Ordre dans lequel on range les objets, les personnes ou les choses. Il y a également la classification des idées.

« La classification des lois ; la classification des connaissances ; la classification des marchandises. » Les connaissances humaines, à mesure que nous avançons dans le progrès, sont si étendues déjà et s'enrichissent chaque jour à tel point, les variétés de la nature sont si nombreuses, qu'il est impossible à l'intelligence humaine d'embrasser tout l'ensemble de l'univers. On est donc obligé de s'arrêter aux particularités qui forment l'ensemble, de manière à ne pas s'égarer dans la diversité des phénomènes.

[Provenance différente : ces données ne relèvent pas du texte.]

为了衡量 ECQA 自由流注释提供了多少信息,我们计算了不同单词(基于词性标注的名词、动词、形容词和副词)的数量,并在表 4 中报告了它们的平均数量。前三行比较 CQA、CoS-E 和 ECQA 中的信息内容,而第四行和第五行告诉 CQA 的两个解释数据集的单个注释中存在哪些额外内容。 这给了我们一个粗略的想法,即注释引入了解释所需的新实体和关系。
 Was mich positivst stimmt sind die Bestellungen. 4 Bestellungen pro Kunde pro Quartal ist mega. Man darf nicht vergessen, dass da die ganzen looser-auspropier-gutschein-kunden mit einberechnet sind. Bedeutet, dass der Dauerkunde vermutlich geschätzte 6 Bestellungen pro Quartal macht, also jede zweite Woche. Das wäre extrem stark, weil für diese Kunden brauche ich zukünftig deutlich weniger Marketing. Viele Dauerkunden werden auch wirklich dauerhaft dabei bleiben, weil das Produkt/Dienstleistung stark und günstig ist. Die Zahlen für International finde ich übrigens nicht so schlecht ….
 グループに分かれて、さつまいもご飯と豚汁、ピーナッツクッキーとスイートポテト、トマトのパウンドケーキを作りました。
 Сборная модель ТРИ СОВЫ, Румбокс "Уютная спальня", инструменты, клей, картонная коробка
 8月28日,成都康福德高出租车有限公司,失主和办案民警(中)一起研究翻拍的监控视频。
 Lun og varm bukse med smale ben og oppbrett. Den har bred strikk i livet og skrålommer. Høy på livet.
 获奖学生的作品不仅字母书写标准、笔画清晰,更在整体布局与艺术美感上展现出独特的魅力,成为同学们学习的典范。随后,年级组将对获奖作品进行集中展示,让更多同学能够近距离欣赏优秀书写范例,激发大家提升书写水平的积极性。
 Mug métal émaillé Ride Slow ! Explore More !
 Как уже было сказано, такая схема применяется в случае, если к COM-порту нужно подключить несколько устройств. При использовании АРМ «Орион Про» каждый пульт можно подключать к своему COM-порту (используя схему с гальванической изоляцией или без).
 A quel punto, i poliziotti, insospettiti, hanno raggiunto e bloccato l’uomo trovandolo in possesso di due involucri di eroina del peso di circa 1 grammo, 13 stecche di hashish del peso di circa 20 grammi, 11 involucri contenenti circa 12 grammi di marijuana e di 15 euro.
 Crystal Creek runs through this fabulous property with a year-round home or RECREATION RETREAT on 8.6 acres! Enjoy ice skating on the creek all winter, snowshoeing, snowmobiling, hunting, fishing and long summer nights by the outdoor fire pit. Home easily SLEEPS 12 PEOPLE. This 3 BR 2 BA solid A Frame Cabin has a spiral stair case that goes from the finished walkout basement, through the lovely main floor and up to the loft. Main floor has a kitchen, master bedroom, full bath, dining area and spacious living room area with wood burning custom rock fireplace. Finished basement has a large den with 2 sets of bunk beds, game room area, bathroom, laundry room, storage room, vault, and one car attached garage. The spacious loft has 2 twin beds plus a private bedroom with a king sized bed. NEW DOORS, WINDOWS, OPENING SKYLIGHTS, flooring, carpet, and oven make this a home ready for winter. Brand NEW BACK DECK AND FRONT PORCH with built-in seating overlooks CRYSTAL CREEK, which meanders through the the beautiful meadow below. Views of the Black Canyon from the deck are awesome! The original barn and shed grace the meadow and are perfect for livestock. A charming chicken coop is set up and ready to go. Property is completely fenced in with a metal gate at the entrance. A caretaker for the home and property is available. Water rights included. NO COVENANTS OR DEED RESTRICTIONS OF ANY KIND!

De là la nécessité, pour ne pas se perdre, de ranger chaque chose dans un cadre particulier si l'on veut étudier les rapports qui existent entre un objet et un autre. Il en est de même pour les idées et la science qui sont, elles aussi, obligées de classifier leurs connaissances et de les ranger par catégorie. La classification est la voie la plus convenable pour obtenir des résultats. Elle est sœur de la méthode et, comme elle, engendre la clarté. Elle nous permet de partir de l'inconnu pour atteindre le domaine du connu. La classification est donc un bien, à condition cependant de n'être ni artificielle ni superficielle et de ne pas se perdre dans l'abstrait. Comme en toute chose, l'exagération est néfaste, et la manie de classifier devient un défaut au lieu d'une qualité.

De nos temps, tout se classe et, dans nos sociétés bourgeoises, on classifie même les individus de même race et de même nation pour en faire des sujets différents les uns des autres ; de là le terme « classe » pour désigner une partie de la collectivité appartenant à une catégorie sociale. Si la classification des objets en genre, en famille est utile ; si la classification des idées et des découvertes scientifiques est indispensable ; la classification des hommes est un des vices des sociétés à base capitaliste et cette erreur disparaîtra avec les causes qui l'ont engendrée.